2. Standardization (Z-Score Normalization)

Transforms data to have a mean of 0 and standard deviation of 1:

from sklearn.preprocessing import StandardScaler

scaler = StandardScaler()
X_scaled = scaler.fit_transform(X)

Best for: Linear regression, logistic regression, and SVM.

3. Robust Scaling (Handles Outliers)

Uses median and interquartile range to scale:

from sklearn.preprocessing import RobustScaler

scaler = RobustScaler()
X_scaled = scaler.fit_transform(X)

Best for: Datasets with outliers.

Step 4: When Not to Normalize?

Tree-Based Models (Decision Trees, Random Forest, XGBoost)
- These models are not sensitive to feature scaling.
- Normalization provides no benefit.
Categorical Features
- One-hot encoded variables should not be normalized.
Data with Meaningful Scales
- Example: Age and income may have natural interpretations that should be preserved.
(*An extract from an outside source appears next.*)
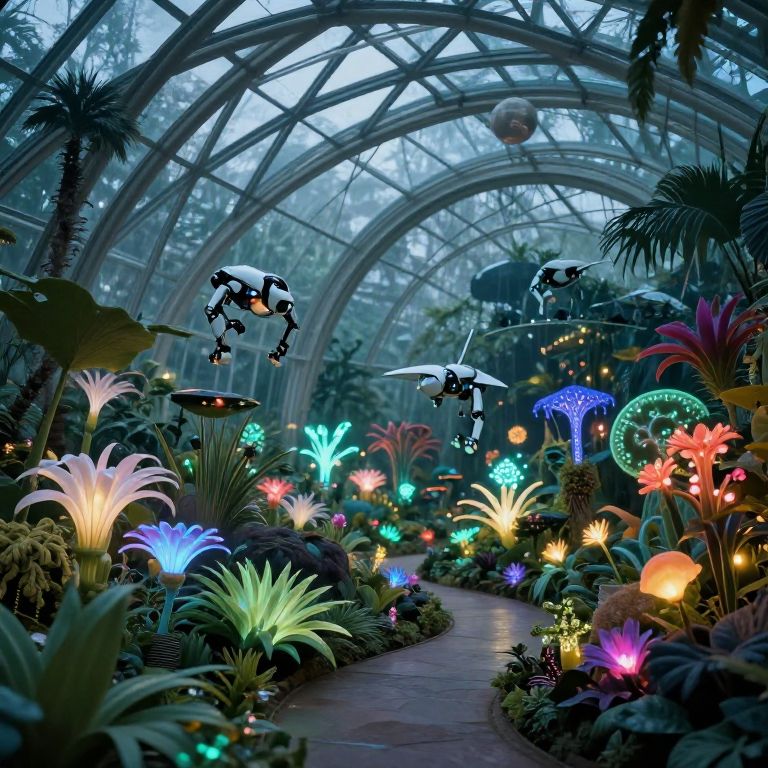 Neumar botanical garden inside a glass dome on an alien planet, exotic luminous plants and flowers, soft bioluminescent glows illuminating the space, serene atmosphere with hovering robotic gardeners tending to flora.

Step 5: Real-World Example (Impact of Normalization on KNN)

Without Normalization

knn = KNeighborsClassifier(n_neighbors=3)
knn.fit(X_train, y_train)
y_pred = knn.predict(X_test)
print("Accuracy without normalization:", accuracy_score(y_test, y_pred))

With Normalization

scaler = MinMaxScaler()
X_train_scaled = scaler.fit_transform(X_train)
X_test_scaled = scaler.transform(X_test)

knn.fit(X_train_scaled, y_train)
y_pred_scaled = knn.predict(X_test_scaled)
print("Accuracy with normalization:", accuracy_score(y_test, y_pred_scaled))

Expected Outcome:

Higher accuracy with normalization.
Improved distance calculations and model performance.